Pemerintah Turun ke Daerah Sosialisasikan UU Cipta Kerja:
Bahas Sektor Perindustrian, Perdagangan, Kepabeanan, Perizinan, Kawasan Perdagangan Bebas & Pelabuhan Bebas, KEK & Transportasi

Batam, 11 Desember 2020

Saat ini tengah disusun Rancangan Peraturan Pemerintah (RPP) dan Rancangan Peraturan Presiden (RPerpres) yang merupakan turunan dari Undang-Undang (UU) No. 11 Tahun 2020 tentang Cipta Kerja yang telah disahkan pada 2 November 2020.

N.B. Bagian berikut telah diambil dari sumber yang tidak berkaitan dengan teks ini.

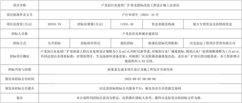 湖北省通山縣第二生活污水處理廠建設(shè)項目(EPC)評標結(jié)果公示,合同估算價:17249.19萬元。河北昌黎縣靖安生活污水處理對標污水處理綠色低碳標桿廠項目EPC總承包招標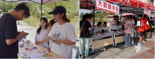 大数据学院团学联成员及班级志愿者热情接待每一位新同学,积极主动的引导每一位新生顺利办理缴费、宿舍登记等入学手续。通过实际行动,让每一位新同学都能感受到大数据学院这个大家庭的温暖,也帮助他们更好的融入新环境,对即将开始的大学生活有了更清晰的了解。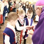 Hierarcha odwołał się również do konkretnych sytuacji z życia dziecka. – Zachorujemy, nie chciałbym żebyście chorowały, ale jak ktoś zachoruje, to ofiaruje Panu Jezusowi lekarstwa bardzo przykre czy zastrzyki, cierpienia. I to wszystko narysuje właśnie na cierniowej koronie, by dołożyć kwiatek naszych cierpień dla Pana Jezusa. Wreszcie ktoś nam dokuczy, podamy mu rękę, mówimy: „przebaczam ci”. I za to, że przebaczysz koleżance, kolejny kwiatek rysujesz – kontynuował biskup. Uczestnictwo w żywym Różańcu to nie tylko paciorki, to styl życia oparty na miłości i ofierze, który zaczyna się w domu, w szkole i na podwórku.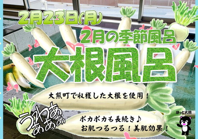 2月の季節風呂 大根風呂を23日(月・祝)に開催します。
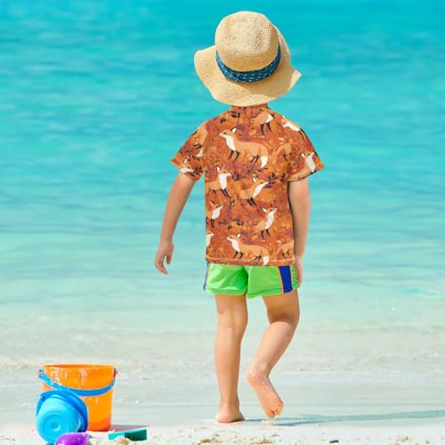 ALAZA Kids Rash Guard Boys Toddler Swim Shirts Short Sleeve Fox Orange UPF 50+ 3T 5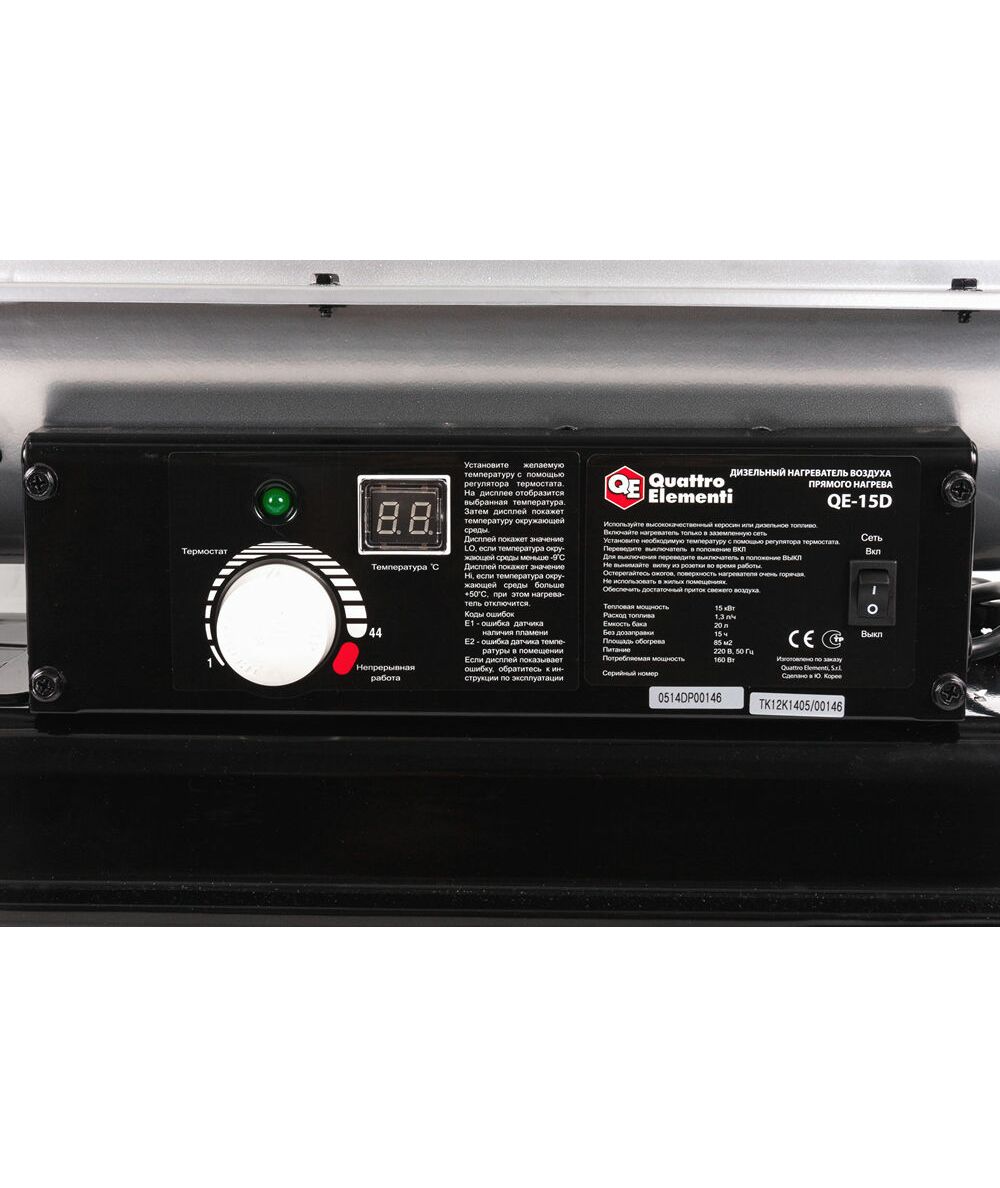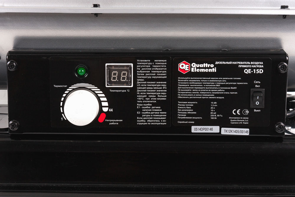 Нагреватель воздуха дизельный прямого нагрева Quattro Elementi QE-15D 15кВт, 205 м.куб/ч, бак 20л, 1,3кг/ч, 12.8кг [772-326]
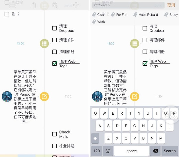事实上我刚上手 Pendo 时真是将它当做 Todo List 来看待的,以至于我很快便做出了当日的待办事项。制作 Todo List 的过程本身和其他产品并没有太大差异化,彩色小标签倒是很精致。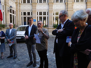 Nous avons entamé cette journée symbolique par l’inauguration d’une superbe exposition à la mairie du 4e: Les encres de la Libération: Exposition philatélie et documents de la guerre 39/45 et de la Libération; présentée dans 50 cadres soit 1200 feuilles de documents originaux, tracts de la Résistance, journaux clandestins, philatélie : les timbres surchargés de la Libération. Présentation sous vitrine de médailles commémoratives et de documents. Une exposition exceptionnelle comportant de nombreux documents très rares voire introuvables. En souvenir du 75e anniversaire, nos amis de l’ACTL (Association des Collectionneurs des Timbres de la Libération) ont réalisé un collector de 4 timbres réalisés pour cette occasion par l’artiste et notre compagnon Juan Chica-Ventura et des cartes postales reprenant les 4 visuels.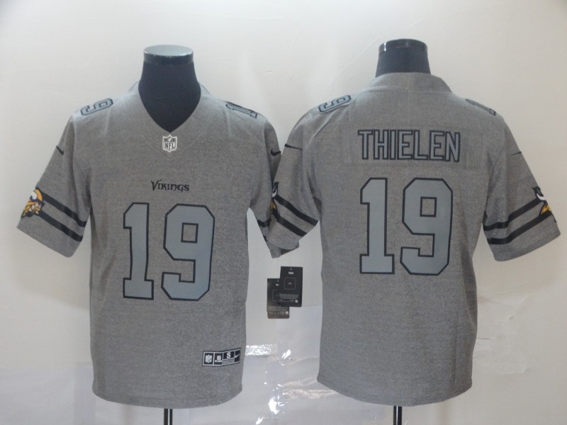 Men’s Minnesota Vikings #19 Adam Thielen 2019 Gray Gridiron Team Logo Limited Jersey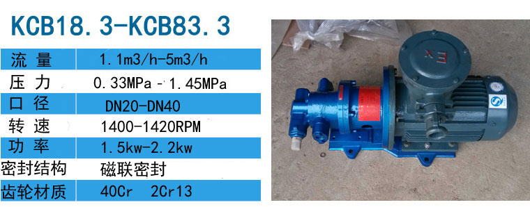 KCB-18.3 | 1.1 | 18.3 | 1400 | 1.45 | 5 | 44 | 1.5 | Y90L-4 |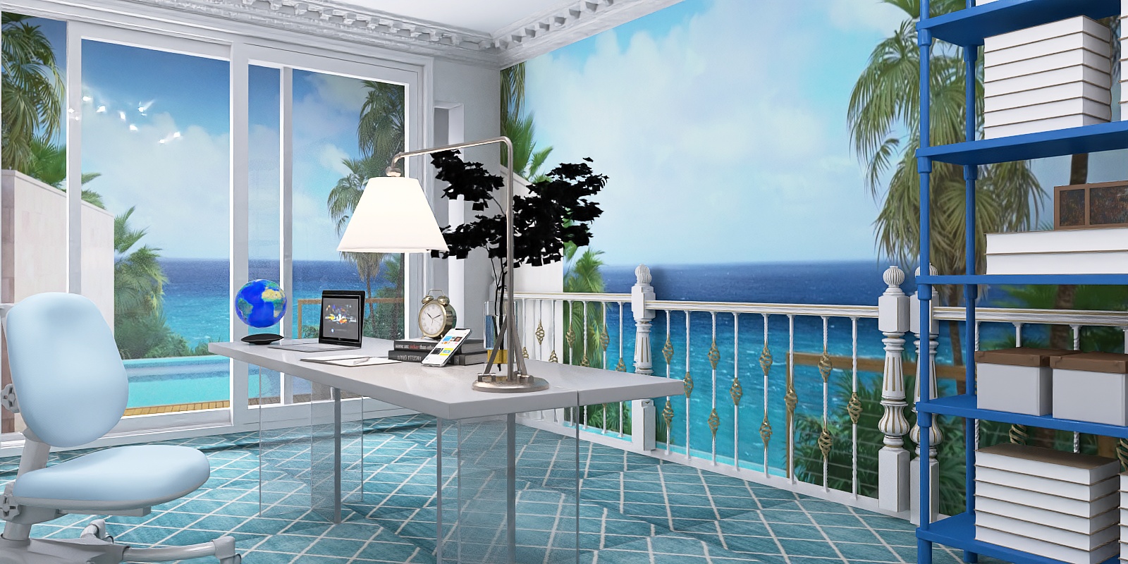 Inspired by modern minimalism, this chair features a soft light blue upholstery with a plush, comfortable touch. Its sleek silver base and smooth-rolling casters add a clean, airy vibe, perfect for a minimalist home office. Adjustable height and an ergonomic backrest ensure all-day comfort, ideal for pairing with a wooden desk and a contemporary lamp.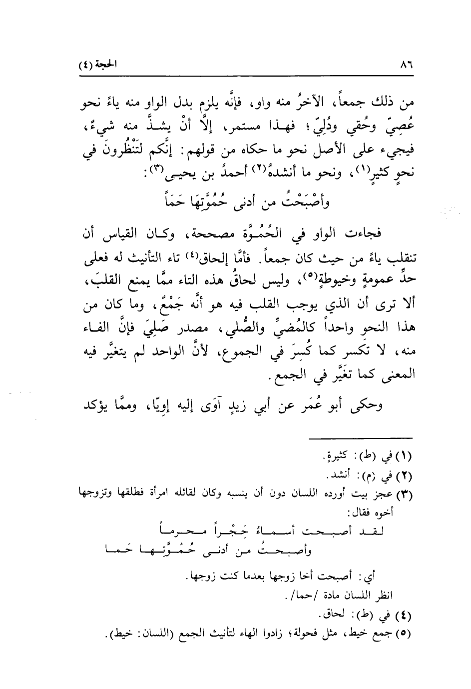 وأصبحت من أدنى حموّتها حما فجاءت الواو في الحموّة مصححة، وكان القياس أن تنقلب ياء من حيث كان جمعا. فأمّا إلحاق «4» تاء التأنيث له فعلى حدّ عمومة وخيوطة «5»، وليس لحاق هذه التاء ممّا يمنع القلب، ألا ترى أن الذي يوجب القلب فيه هو أنّه جمع، وما كان من هذا النحو واحدا كالمضيّ والصّلي، مصدر صلي فإنّ الفاء منه، لا تكسر كما كسر في الجموع، لأنّ الواحد لم يتغيّر فيه المعنى كما تغيّر في الجمع.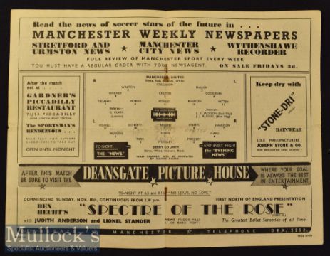 1946/47 Manchester United v Derby County Football Programme date 9 Nov, centre fold, small tears at fold, pencil team changes, staple rust/bleed,

Dalam proses penyusunan ini, pemerintah berkeinginan untuk menyerap aspirasi dari berbagai pemangku kepentingan, supaya RPP dan RPerpres tersebut nantinya mampu mengakomodir seluruh aspirasi dari mereka.

“Serap Aspirasi Implementasi UU Cipta Kerja” telah dilaksanakan di beberapa daerah, termasuk hari ini (Jumat, 11/12) di Batam, Kepulauan Riau. Pada kesempatan ini, pemerintah berusaha menampung seluruh masukan dari stakeholders untuk penyusunan RPP dan RPerpres terkait sektor Perindustrian, Perdagangan, Kepabeanan, Perizinan, Kawasan Perdagangan Bebas dan Pelabuhan Bebas, Kawasan Ekonomi Khusus (KEK), dan Transportasi.

 

Sektor Kepabeanan, Perizinan, Kawasan Perdagangan Bebas dan Pelabuhan Bebas, dan KEK

Dalam sektor ini, terdapat 2 RPP yang sedang disusun pemerintah, yaitu: RPP Kawasan Perdagangan Bebas dan Pelabuhan Bebas dan RPP Kawasan Ekonomi Khusus. RPP tersebut merupakan bagian dari 44 peraturan pelaksana yang terdiri dari 40 RPP dan 4 RPerpres.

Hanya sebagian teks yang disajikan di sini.